Climate Migration Press Release

PRESS RELEASE: Climate Migration Council Co-Hosts Panel at Aspen Ideas: Climate 2024

This press release first appeared on the Climate Migration Council website. MMC engages in content partnerships with several organizations, and cross-posting does not indicate an endorsement or agreement.

Local Leaders, Immigration and Migration Experts Discussed the Challenges and Opportunities at the Intersection of Climate Change, Migration, and Displacement

MIAMI – The Climate Migration Council, in collaboration with the Mayors Migration Council and the University of Miami’s Climate Resilience Academy, hosted a panel discussion at Aspen Ideas: Climate 2024, entitled Cities at the Frontline of Climate Migration

The panel – the first time Aspen has held a discussion on climate-driven migration – featured leaders from U.S. cities and the international community, drawing a standing-room-only crowd. Discussion included the challenges and opportunities at the intersection of climate change and migration as well as identified models for success that state and local leaders can pursue. 

Climate Migration Council members Jaime Pumarejo, Former Mayor of Barranquilla, Colombia, Vittoria Zanuso, Executive Director of Mayors Migration Counciland Melissa Blaustein, 2023 Mayor of Sausalito and Current City Councilmember participated in the discussion.

In detailing his journey as Mayor of Barranquilla during the mass migration of Venezualens to Colombia, Pumarejo said, “Think about this: in three years 10.2% of our [Barranquilla, Colombia] population was recently arrived migrants.
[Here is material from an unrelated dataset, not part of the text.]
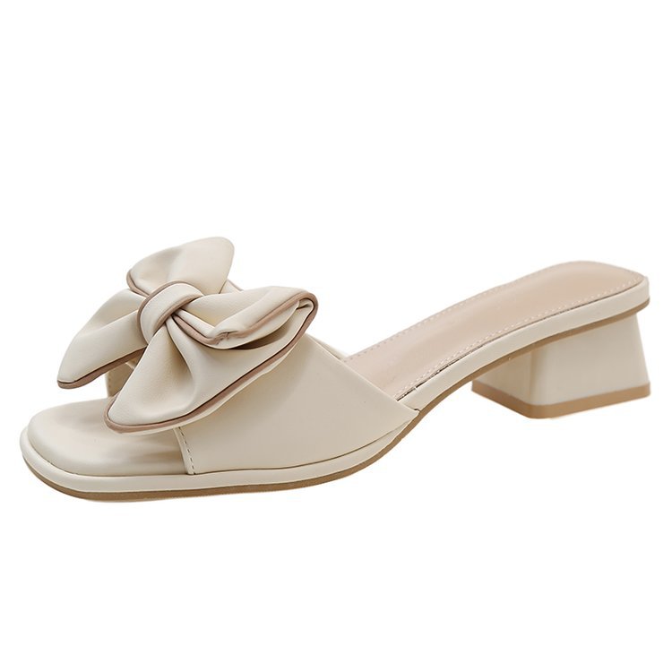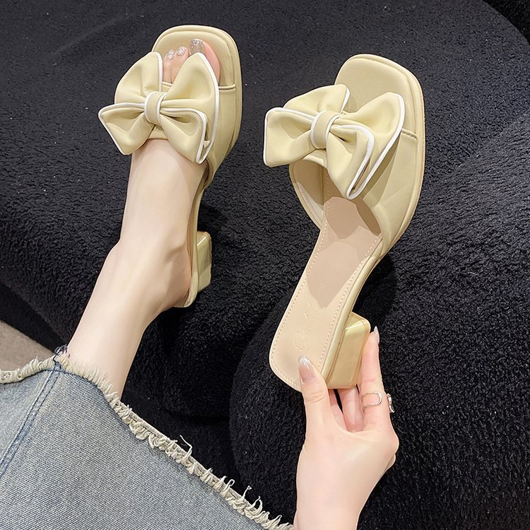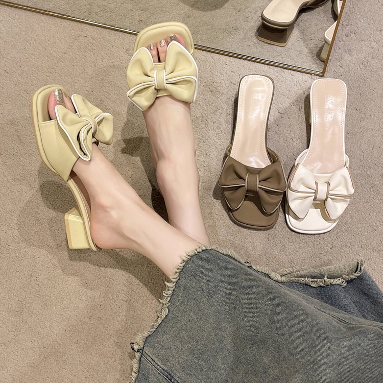 夏季新款蝴蝶结粗跟拖鞋女外穿方头露趾一字时尚大码凉拖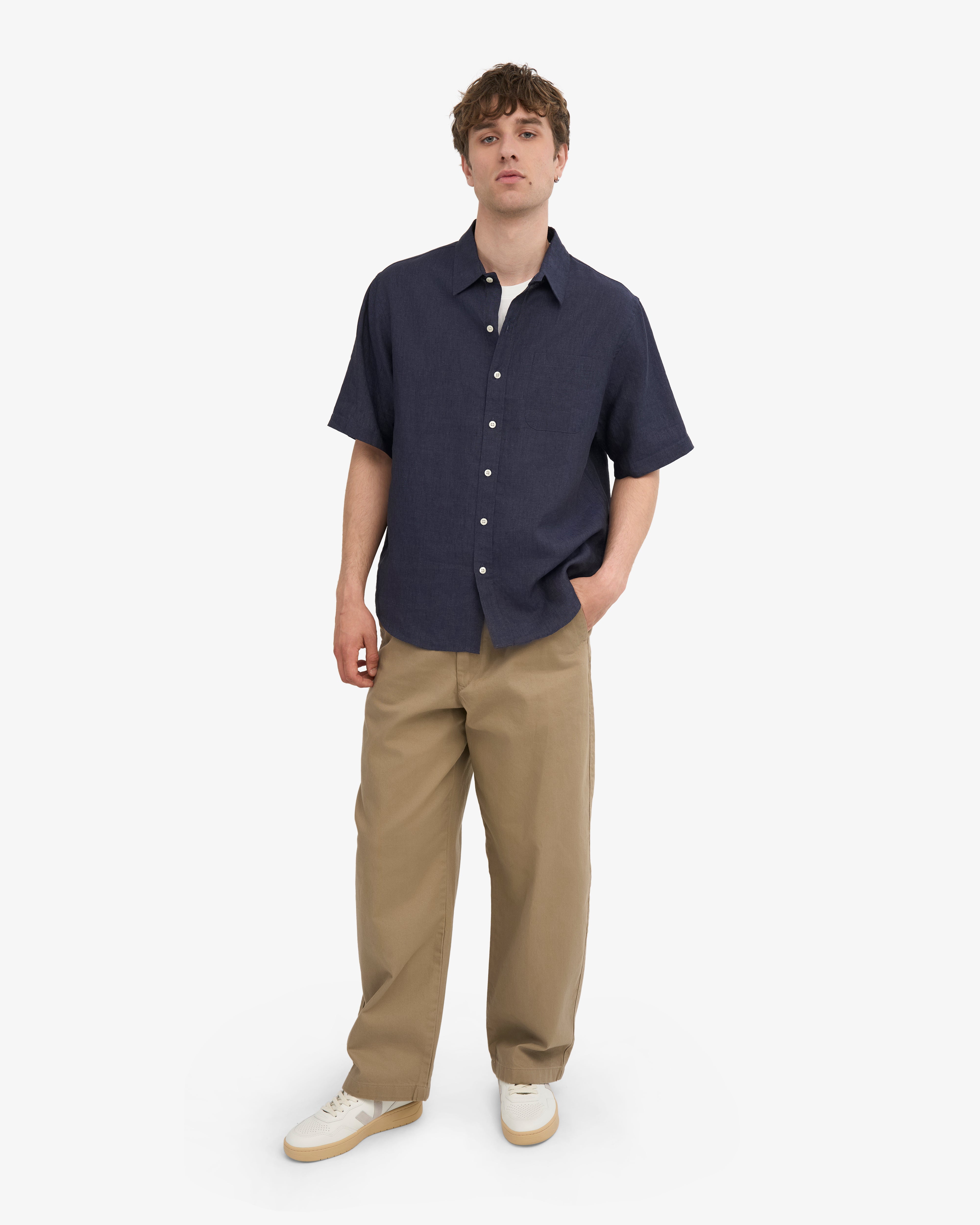 Made from 100% linen, it’s super light and breathable. Basically made for hot days and chill plans. The relaxed fit makes it easy to wear, and the new collar gives it a little extra polish.

That means out of 200,000 kids that I had in my schools, 18,000 – now 22,000 – were recently arrived kids from Venezuela.” 

While the increase in population presented challenges, Pumarejo and his colleagues recognized the new migrants as a boon rather than a burden. 

“There is a way that we can give tools to these people to help them feel that they belong,” Pumarejo said.

To this point, Vox reporter Umair Irfan – who moderated the conversation – added: “We always think about migrants as a threat or as a drain but they’re also often an advantage.” 

Pumarejo agreed and added that failing to treat incoming populations with dignity and respect can have disastrous consequences: “What happens when it comes to a city is that these people that have low economic opportunities or don’t have the ability to buy property, they end up encroaching on areas that are biodiversity hotspots or that are more prone to climate risk…So it ends up being a vicious cycle where we’re perpetuating something that’s not going well.”

Indeed, the impacts of the climate crisis are affecting populations worldwide and increasingly shape whether, where, and how people migrate. 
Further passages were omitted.